2015 GSA Annual Meeting in Baltimore, Maryland, USA (1-4 November 2015)

Paper No. 208-4
Presentation Time: 9:00 AM-6:30 PM


NUNEZ, Brian E.1, LUKES, Laura A.2 and RUSHING, Madeleine B.1, (1)Atmospheric, Oceanic, and Earth Sciences, George Mason University, 4400 University Dr., Fairfax, VA 22030, (2)CTFE; Department of Atmospheric, Oceanic, & Earth Sciences, George Mason University, 4400 University Drive, 241 Johnson Center, Fairfax, VA 22030, brianenunez@gmail.com

Introductory course experience is believed to be a major pathway to attract new geology majors (Houlton, 2010) and little is known about this experience in geoscience courses (2012, National Research Council). Student studying techniques, in particular, are rarely researched for geology courses.

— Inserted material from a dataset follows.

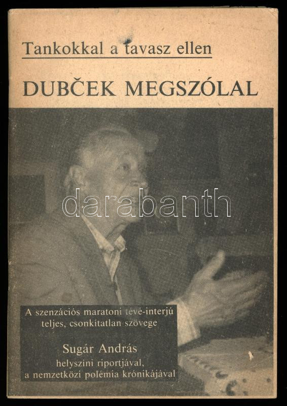 Sugár András: Tankokkal a tavasz ellen. Dubček megszólal. A szenzációs maratoni tévé-interjú teljes, csonkítatlan szövege Sugár András helyszíni riportjával, a nemzetközi polémia krónikájával. [Bp.], 1989, szerző, 95+[1] p. Kiadói tűzött papírkötés.

From analyzing student reflections on how they learn, we can gain a better view into how students are experiencing the learning process in/outside of the classroom. A series of student pre and post-test reflection activities, also known as exam or cognitive wrappers, were used to characterize student studying methods and habits throughout one semester in an introductory Historical Geology course. Students were asked to identify the resources and learning strategies they used to study, as well as the timing of when they chose to study. Student confidence in the effectiveness of their learning strategies was also measured by proxy through student estimations of what their assessment scores would be for each module quiz, which initiated the reflection process and allowed students to self-monitor the effectiveness of their study habits. Most studying reportedly occurred within four days prior to an assessment, with a notable decline during weekends for all modules. Students reported a studying focus on instructor posted slideshows and study guides, in addition to assigned learning material, rather than a reliance on the textbook. While a variety of learning strategies were reported for studying, it was found that rereading notes from class was the most frequently reported strategy used for all modules. Students were mainly overconfident in predicting their assessment scores for the first, second, and fourth modules, and were under confident with their predictions for the third module. Exam wrappers and student reflection activities can be used to better support students by allowing faculty to track individual student self-reflection process and their change in strategy use as it relates to specific content. The aggregate data from these activities also informs the instructor of the perceived value of instructor-provided resources and course structures. Reflection on these insights can be used to improve the overall student experience.